Work instruction → Would you print, word for word, only the lines running from the line with "どんぐり 栄養剤 コンテナ 土" to the last line of the entries, without the pictures?

Extracted data entries
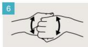
Frótese el dorso de los dedos de una mano contra la palma de la mano opuesta, manteniendo unidos los dedos.
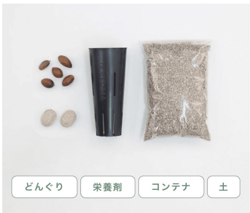
どんぐり 栄養剤 コンテナ 土

MODRINAEで苗木を育てて植樹のために送り返した後に継続して新しい苗木を育てる場合は、リスタートセットのみの購入でよいので初期の購入代金より安く開始することができます。
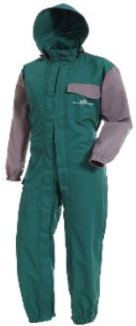
Combinaison AEGIS 89€ HT
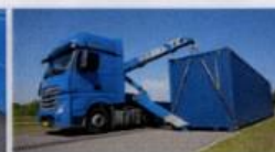
Leveringsikkerhed i top
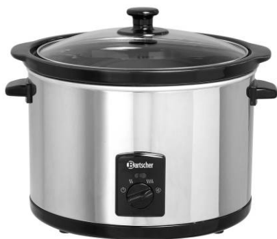
A100155 / 5,5L
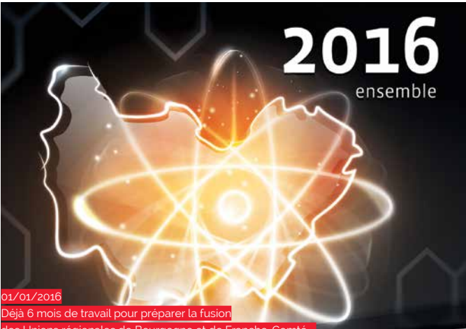
01/01/2016 Déjà 6 mois de travail pour préparer la fusion des Unions régionales de Bourgogne et de Franche-Comté... Plus que 6 !

Solved problem →
どんぐり 栄養剤 コンテナ 土

MODRINAEで苗木を育てて植樹のために送り返した後に継続して新しい苗木を育てる場合は、リスタートセットのみの購入でよいので初期の購入代金より安く開始することができます。
Combinaison AEGIS 89€ HT
Leveringsikkerhed i top
A100155 / 5,5L
01/01/2016 Déjà 6 mois de travail pour préparer la fusion des Unions régionales de Bourgogne et de Franche-Comté... Plus que 6 !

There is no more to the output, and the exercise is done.